Psychometric analyses of QOL-B V.3.0 used data from two double-blind, multicentre, randomised, placebo-controlled, phase III trials of aztreonam for inhalation solution (AZLI) in 542 patients with non-CF bronchiectasis and Gram-negative endobronchial infection.


Excellent internal consistency (Cronbach's α ≥0.70) and 2-week test-retest reliability (intraclass correlation coefficients ≥0.72) were demonstrated for each scale. Convergent validity with 6 min walk test was observed for Physical and Role Functioning scores.

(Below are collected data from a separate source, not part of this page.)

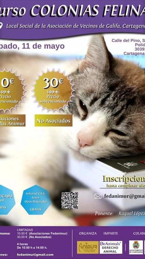 Hoy te quiero invitar a un curso de Colonias Felinas pionero en la Región de Murcia, organizado por la Federación de Protectoras de Cartagena llamada ANIMUR que cuenta con la colaboración del Ayuntamiento de Cartagena y de la Asociación de Vecinos de Galifa y yo soy la ponente.
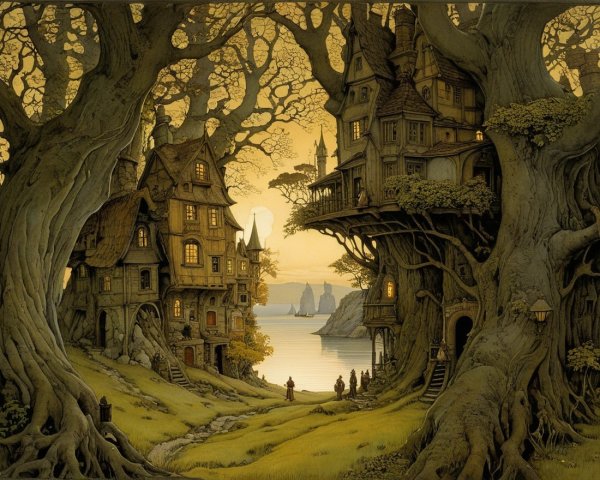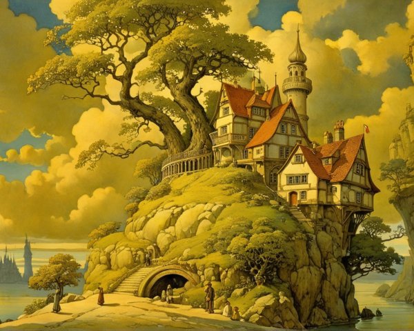 A dramatic scene depicts a majestic castle atop a cliff, surrounded by towering waves. Below, ships navigate the turbulent sea, creating a surreal contrast between land and water.
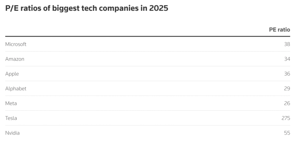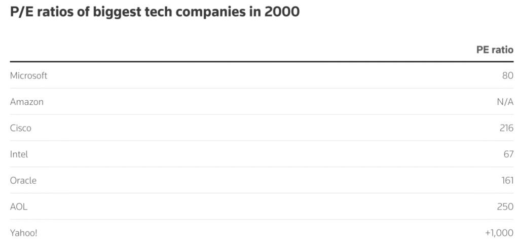 Много се тръби, че AI е еквивалент на балона през 2000-ната година. Нека ви кажа някои данни за балона тогава и за „балона“ сега. През 2000-ната година компаниите, които са се надували на дот ком балона дори са нямали печалби. Техните P/E ratio-та са били скандални, като например компанията yahoo e имала p/e ratio над 1000, Amazon изобщо не е била на печалба и другите технологични компании са били с p/e над 100 и дори над 200.
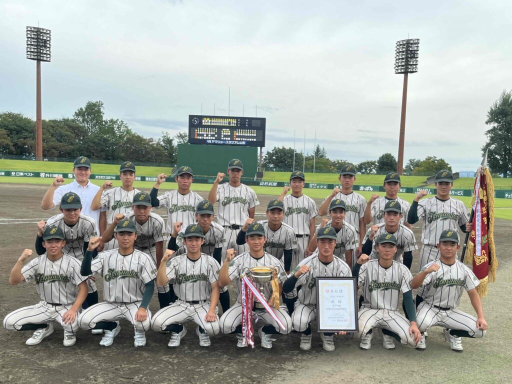 鶴東ブログ 2024.10.15 秋季山形県大会優勝 野球部 第77回秋季東北地区高等学校野球選手権大会山形県大会で野球部が見事優勝を飾り、昨年に引き続き2連覇を達成しました。 現在は福島県で開催されている第77回秋季東北地区高等学校野球選手権大会に出場しており、初戦で岩手県代表の久慈高校に勝利し、次戦は花巻東高校と対戦します。 春の選抜甲子園大会に繋がる戦いです。 野球部の皆さん山形県大会での優勝おめでとうございました、また、東北大会もベストを尽くしてください。 BLOG 2024.08.11野球部初戦突破! 2024.06.25男子卓球部 梅 木 大 智さんが日本代表に選出されました! 2024.06.25アメリカ・コロラド州 ユースインアクション(青年訪問団)が来校しました! 2024.06.24インスタグラム開設しました 学校生活 2024.10.22進学ガイダンス 2024.07.31東北大学オープンキャンパス 2024.07.30甲子園大会壮行式 2024.07.24「キャリア講話」(グローバルセミナー) 部活動 2024.10.15秋季山形県大会優勝 野球部 2024.09.06国際大会出場報告 卓球部男子 梅木大智さん 2024.08.27U―18 野球日本代表 侍ジャパンに櫻井 椿希さんが選出されました。 2024.08.27甲子園大会報告会(野球部) 進学情報 2024.02.29大学合格速報! 2023.12.273年生進路状況 速報! 2023.01.13祝合格!神奈川県警察 2022.03.29令和四年度 国公立大学・難関私立大学合格校一覧 在学生・保護者向け 2023.06.12特進3年生保護者対象進路ガイダンス 2021.01.18卒業証書授与式のご案内 2020.11.25修学旅行の様子(1日目) 2020.08.038月行事予定 中学生・保護者向け 2024.10.29女子サッカー部 体験入部 中止のお知らせ 2024.10.28女子サッカー部 体験入部 開催日程追加のお知らせ 2024.10.28女子バスケットボール部 体験入部について 2024.10.2110月26日(土)オープンキャンパス 詳細について

No floor or ceiling effects (baseline scores of 0 or 100) were found for the Respiratory Symptoms scale (primary endpoint of trials). Baseline Respiratory Symptoms scores discriminated between patients based on baseline FEV1% predicted in only one trial. The minimal important difference score for the Respiratory Symptoms scale was 8.0 points. AZLI did not show efficacy in the two phase III trials. QOL-B responsivity to treatment was assessed by examining changes from baseline QOL-B scores at study visits at which protocol-defined pulmonary exacerbations were reported. Mean Respiratory Symptoms scores decreased 14.0 and 14.2 points from baseline for placebo-treated and AZLI-treated patients with exacerbations, indicating that worsening respiratory symptoms were reflected in clinically meaningful changes in QOL-B scores.


Previously established content validity, reliability and responsivity of the QOL-B are confirmed by this final validation study. The QOL-B is available for use in clinical trials and routine clinical practice.